Co się dzieje z cerą 50-latki?
Około 50. roku życia u kobiet wygasa czynność jajników, co oznacza niedobory hormonalne. Zanika miesiączka, pojawia się menopauza. Niedobór estrogenów niekorzystnie wpływa na metabolizm komórek skóry. Skóra staje się mniej elastyczna, sucha (w wyniku mniejszej ilości kwasu hialuronowego i glikozaminoglikanów), mniej napięta. W efekcie powstają zmarszczki.
Skóra jest cieńsza, zmienia się też owal twarzy – np. pojawiają się tzw. „chomiki”.
Skóra staje się cieńsza, bo organizm produkuje mniej kolagenu i elastyny, czyli białek budujących włókna podporowe skóry. Ponadto zanika substancja międzykomórkowa, czyli jak wspomniałam – głównie kwas hialuronowy.
Kolejnym problemem tego wieku są depozyty tkanki tłuszczowej. W pewnych miejscach ona zanika, np. pojawiają się bruzdy nosowo-wargowe, za to zbiera się w innych. W efekcie zmienia się owal twarzy – traci proporcje odwróconego trójkąta.
Z czasem rozluźniają się też więzadła łączące skórę z mięśniami i kośćmi, pojawia się efekt obwisłej skóry.

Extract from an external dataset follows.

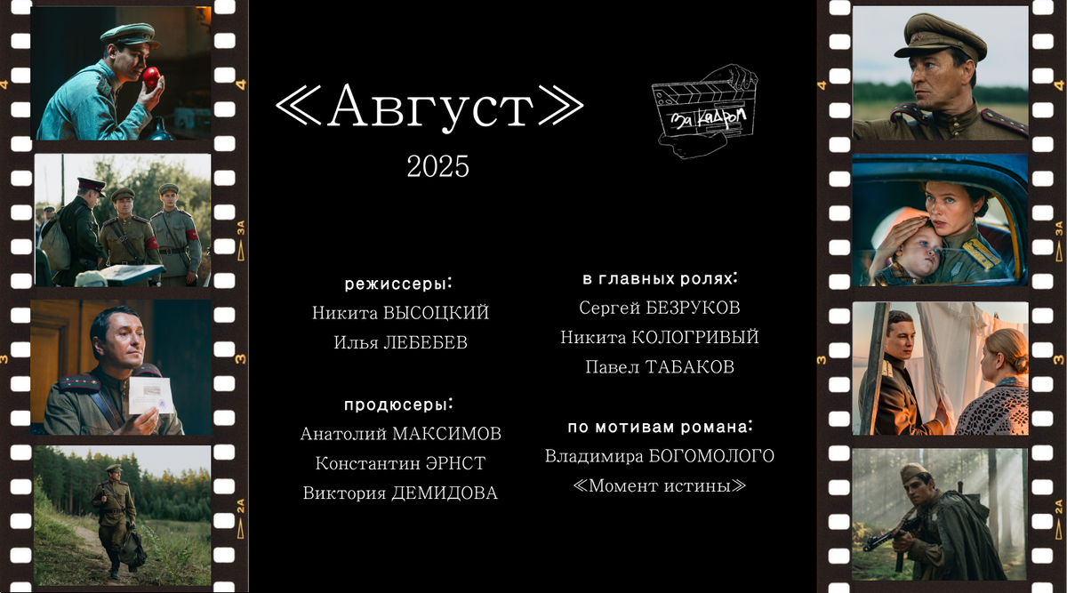 Премьера фильма «Август», по мотивам романа Владимира Богомолова «В августе сорок четвертого» («Момент истины»), в кинотеатрах страны состоялась 25 сентября. Работа над проектом началась еще в 2018 году при поддержке российского Фонда кино. Создатели отмечают, что на протяжении всего процесса производства старались максимально приблизиться к оригиналу, не исказив смысла произведения. Продюсерами фильма стали Анатолий Максимов и Константин Эрнст, режиссерами – Никита Высоцкий и Илья Лебедев.
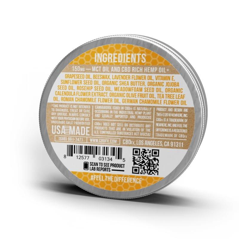 Aceite de semilla de uva, cera de abeja, aceite de lavanda, vitamina E, aceite de girasol, karité orgánica, aceite de semilla de jojoba orgánica, aceite de semilla de rosa mosqueta, extracto de flor de caléndula orgánica, aceite de oliva orgánica, hoja de té, manzanilla romana, aceite de flor de manzanilla alemana, aceite de cáñamo rico en CBD.

Przebudowuje się tkanka kostna, powiększają oczodoły, zanika żuchwa.
To paradoks: całe życie walczymy ze zbędnymi kilogramami, jednak w pewnym wieku odrobina tłuszczyku się przydaje.
Duża ilość tkanki tłuszczowej jest podporą dla skóry, naturalnym wypełniaczem. Dlatego kobiety o pełniejszych kształtach wolniej się starzeją. Tłuszcz jest także rezerwuarem nawilżenia.
Moje koleżanki często powtarzają: mam złe geny, szybko będę miała zmarszczki. Tak niewiele od nas zależy?
Na geny nie ma rady, ale zawsze można sobie dopomóc. Przecież zmarszczki zaczynają się tworzyć już około 25. roku życia, choć są wtedy praktycznie niewidoczne. Dlatego trzeba dbać o skórę, zanim pojawią się pierwsze oznaki upływu czasu. Profilaktyka to podstawa. Olbrzymie znaczenie ma odpowiednio dobrana do typu skóry pielęgnacja. I drugie ważne słowo – systematyczność stosowanych kuracji.
Poza tym należy unikać ekspozycji na promieniowanie UV i promieniowanie jonizujące, palenia tytoniu, nadmiernego spożywania alkoholu, niedożywienia lub niewłaściwej diety oraz oczywiście stresu.
Niektóre kobiety po pięćdziesiątce dalej stosują jedynie kremy nawilżające lub natłuszczające skórę, takie, które polubiły przed laty. Czy to wystarczy?
Jeśli całe życie stosowało się jeden krem na wszystkie problemy, to trudno się przestawić. Ale warto! Koniecznie trzeba wprowadzić do pielęgnacji mleczko, tonik, serum, krem na dzień na noc i pod oczy oraz własnoręcznie wykonywany masaż skóry twarzy i szyi.
Skóra dojrzała może być tak samo jak skóry młodsze skórą suchą, mieszaną lub tłustą. Dopasowujemy pielęgnację do rodzaju cery oraz problemów skóry – naczynek, przebarwień, nadwrażliwości czy atopii. Na szczęście teraz producenci kosmetyków oferują nam całe serie przeznaczone do danego typu skóry, co ułatwia wybór.
Hm, masaż? Często boimy się same masować twarz, by nie rozciągać skóry.
Połączmy stosowanie kremów z dość mocnym masażem, który nie tylko pomoże we wchłonięciu się substancji aktywnych, ale pobudzi krążenie, uaktywni drenaż limfatyczny, pomoże w odprowadzeniu metabolitów. Uważa się, że jedną
z głównych przyczyn starzenia się twarzy jest pogarszające się ukrwienie w obrębie tkanek głębokich. Stymulacja poprzez masaż doskonale może temu zapobiec.